По-моему все это было похоже на операцию без наркоза, когда скальпель хирурга вонзается в живую трепещущую плоть, режет, кромсает, отсекает, добираясь до какого-то глубинного давнего гнойника, и человек, беззвучно крича и стиснув до хруста зубы, терпит эту невыносимую боль, потому что верит — иначе не избавиться от гнилого, и еще верит в то, что боль эта не бесконечна. Что там, потом, после всего, наступит успокоение, трепещущая рана сомкнется и зарастет, и, может быть, только глубокие шрамы станут отдаленным напоминанием о том, как было больно.
Я повторяла этому человеку все по два, три раза… В какой позе она лежала, что именно успела выпить, про кокаин в пудренице, и как луна заходила, и про росу на траве, и как появились охранники на джипе, и как я уносила ноги.

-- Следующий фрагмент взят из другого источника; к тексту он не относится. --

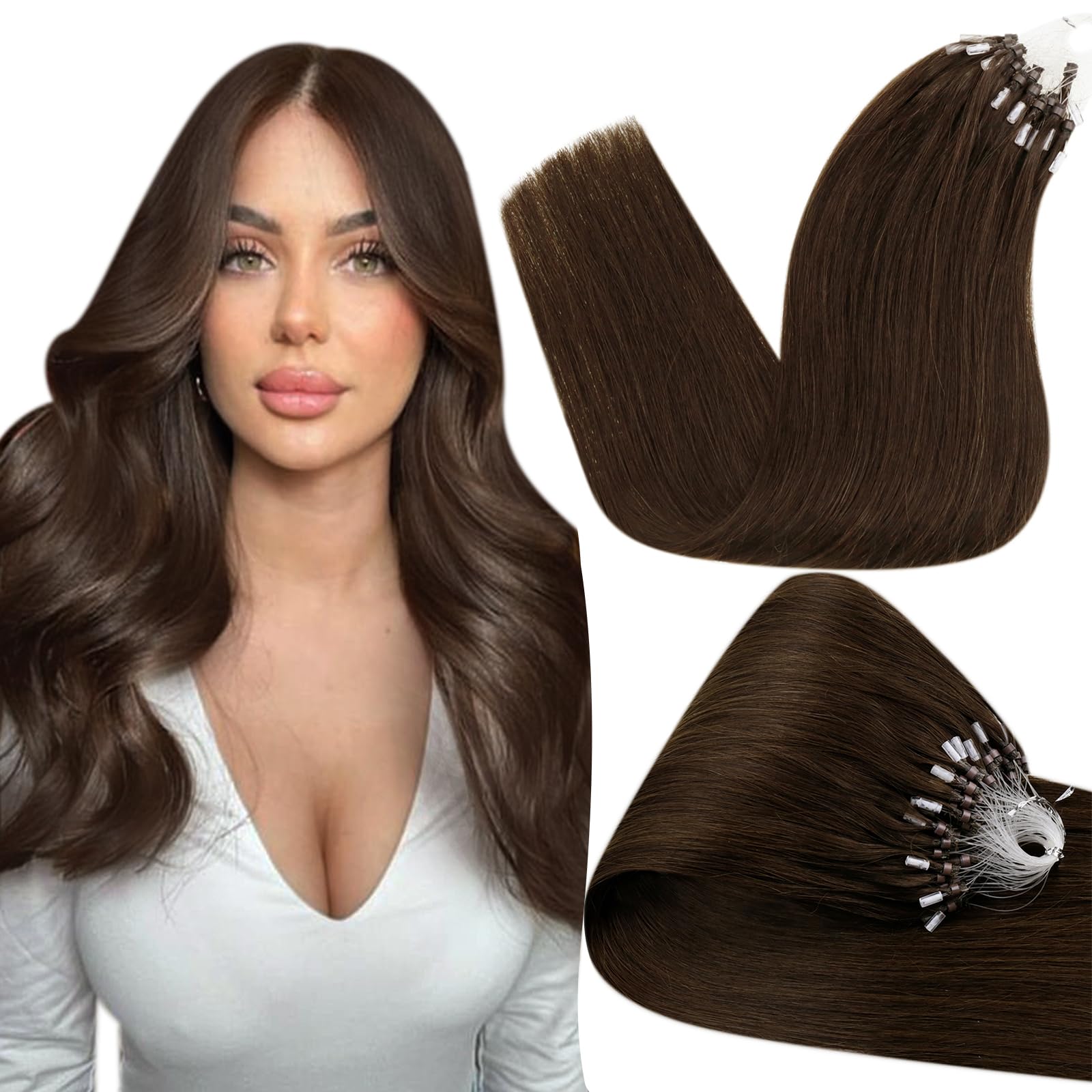 Longer lifespan depends on good care.Micro Hair Extensions is silky, shiny and smooth and still works well even after washing and styling.Please use a neutral, mild shampoo to care for the hair.Please do not use hairdryers and of course let it dry.We recommend choosing a color based on your original hair color.Color differences can occur under different screens and light conditions.If you are unsure which color you should choose, we offer you free color comparison services.Comfortable to carry.Comb your hair in the morning and in the evening, you can moisten the comb before combing your hair with water, comb it from the tip of the hair and then comb up.Invisible. The microbeads are silicone materials.Use of a microring (outer diameter: approx. 0.5 cm 0.2 inches inner diameter: approx. 0.3 cm 0.12 inches height: approx. 0.3 cm 0.12 inches).The micropers are small and make the hair extensions more detectable, give a natural look.Has no glue, does not have to be heated.It has no damage to our hair.Hetto micro ring extensions real hair weight: 50g.Available in 12-22 inches, 1 g strand, 50 g set (12 inches corresponds to 0.8 g strand).We recommend 2-3 packs to increase the volume and 3-4 packs to extend the length.If you want to add length and volume, we recommend more than 5 sentences. Please note that the longer hair would be thinner.Längere Lebensdauer hängt von guter Pflege ab. Micro Hair Extensions ist seidig, glänzend und glatt und funktioniert auch nach dem Waschen und Stylen noch gut. Bitte verwenden Sie ein neutrales, mildes Shampoo, um das Haar zu pflegen. Bitte verwenden Sie keine Haartrockner und lassen Sie es natürlich trocknen. Wir empfehlen Ihnen, eine Farbe basierend auf Ihrer ursprünglichen Haarfarbe zu wählen. Unter verschiedenen Bildschirmen und Lichtverhältnissen kann es zu Farbunterschieden kommen. Wenn Sie unsicher sind, welche Farbe Sie wählen sollen, bieten wir Ihnen kostenlose Farbabgleichsdienste. Bequem zu tragen.Es wird empfohlen, jede Woche ätherische Öle zur Tiefenpflege zu verwenden und die Haarspitzen regelmäßig jeden Monat zu kürzen. Kämmen Sie Ihre Haare morgens und abends, Sie können den Kamm vor dem Kämmen Ihrer Haare mit Wasser befeuchten, ihn von der Haarspitze aus kämmen und dann nach oben kämmen. Unsichtbar.Die Microbeads sind Silikonmaterialien. Verwendung eines Mikrorings (Außendurchmesser: ca. 0,5 cm 0,2 Zoll Innendurchmesser: ca. 0,3 cm 0,12 Zoll Höhe: ca. 0,3 cm 0,12 Zoll). Die Mikroperlen sind klein und machen die Haarverlängerungen mehr nicht nachweisbar, geben ein natürliches Aussehen.Bequem zu tragen. Hat keinen Kleber, muss nicht erhitzt werden. Es hat keinen Schaden an unserem Haar. Hetto Micro Ring Extensions Echthaar Gewicht: 50g. Erhältlich in 12-22 Zoll Länge, 1 g Strang, 50 g Set (12 Zoll entspricht 0,8 g Strang). Wir empfehlen 2-3 Packungen, um das Volumen zu erhöhen, und 3-4 Packungen, um die Länge zu verlängern. Wenn Sie Länge und Volumen hinzufügen möchten, empfehlen wir mehr als 5 Sätze.Bitte beachten Sie, dass das längere Haar dünner wäre.Hetto Microring Extensions Echthaar Braun Microring Extensions Remy Microring Haarverlangerung Echthaar Microring Extensions Echthaar Microring Echthaar Extensions Dunkelbraun 4 30cm 40g 30cm 3-1 MR 4

Но его совершенно не интересовало, с чего именно я оказалась в ту ночь на островах, чего боялась и от кого пряталась. Я, конечно, особенно не распространялась, но мне почему-то становилось обидно, что эта самая Нина Викентьевна Туманская, которой уже нет и никогда не будет, заслонила перед его взором все и всех на свете и он то и дело кивает, раскачиваясь, как китайский болванчик, и бормочет:
— О, господи! Почему никто не догадался? Почему не успели?
Он совершенно не был похож на того, дневного, нагло-веселого и уверенного, как будто там, днем, когда я его впервые увидела, он носил умело подобранную маску, а в действительности он и есть такой — раздрызганный, нервный, растерянный, как громадный щен, которого впервые отняли от сучьего вымени, унесли от его собачьей мамочки, и он воет безысходно, поняв, что теперь он всю жизнь будет один.
В общем-то, произошло главное: несмотря на мою личную раздрызганность, до меня все-таки стало доходить, что в покушении на смертоубийство его супруги меня, пожалуй, никто не обвиняет, что, судя по всему, эта самая Нина Викентьевна покинула этот свет совершенно добровольно и что я ему нужна просто как человек, который — как он считал! — видел его жену живой последним.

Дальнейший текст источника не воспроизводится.